The British Players’ The Dresser is an excellent production of a rich, complex, and somewhat perplexing play.

Written in 1980 by Ronald Harwood, the play is a detailed character study of two flawed men and their longstanding relationship. It grew from the author’s experience as personal assistant to Sir Donald Wolfit, one of a long tradition of actor-managers who brought the Bard to the English provinces in the 19th and 20th centuries.

Robert Leembruggen as Sir/King Lear and Roger Stone as Norman in ‘The Dresser.’ Photo by Fredde Lieberman.

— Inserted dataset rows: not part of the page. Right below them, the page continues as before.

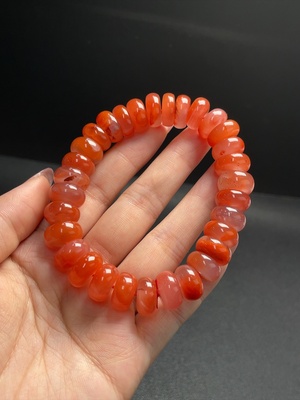C29340156 Red Agate Bracelet with Visible Organic Inclusions, Total Weight Approx. 65.61g, Bead Size 13.4mm
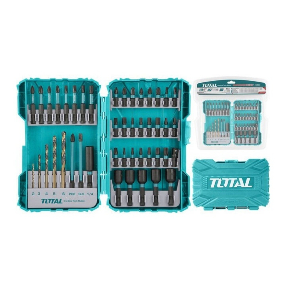 Bộ 45 mũi siết vít Total TACSDL24502 là bộ dụng cụ tổng hợp đa năng, kết hợp giữa các mũi bắt vít, mũi khoan kim loại HSS và đai ốc từ tính (socket). Bộ sản phẩm này lý tưởng cho các thợ lắp đặt, thợ mộc và thợ cơ khí cần một bộ công cụ hoàn chỉnh để vừa khoan lỗ (trên kim loại), vừa bắt vít và siết/tháo đai ốc. Thiết kế đóng gói bằng vỉ kép giúp giữ gọn gàng và dễ dàng nhận diện từng loại dụng cụ.
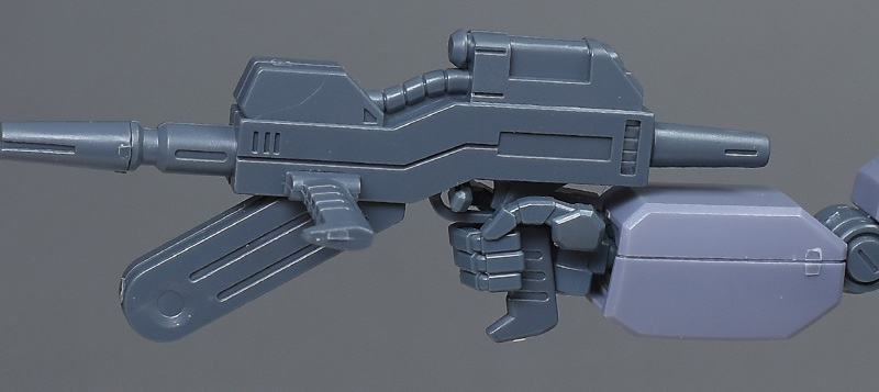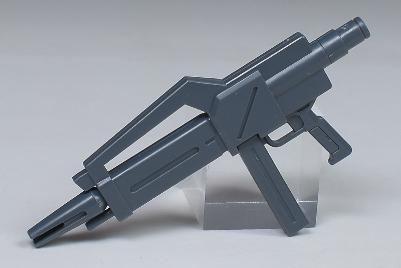 ビーム・ライフル。D型やHGUCジェガン(逆シャア版)、エコーズ仕様などジェガン各種に付属しているものと同じで、連邦MSの定番ビーム携行火器になります。取り回しを重視した短銃身の構造が特徴で、連射性に優れ、接近戦や混戦で威力を発揮。

The show is set in a small-town theater in 1942. It begins with Norman, the dresser (Roger Stone), telling Her Ladyship (Janet Replogle) that her husband, Sir, the manager and star actor of their little troupe, has had an alarming public mental breakdown. As they are worrying about having to cancel the evening’s performance, Sir (Equity actor Robert Leembruggen) arrives, having discharged himself from the hospital. His grandiose sense of self-importance is both comic and pitiful, since there are strong indications that he is not the theatrical titan he believes himself to be. Norman at one point says, “There was a queue at the box office this afternoon, if four elderly spinsters constitute a queue,” and Her Ladyship, who seems to have a much clearer grasp on reality than her husband, says, “Who really cares whether he acts or not?” And later, it is revealed that the titles “Sir” and “Her Ladyship” are lies, because he was never knighted, although his arch-rival was.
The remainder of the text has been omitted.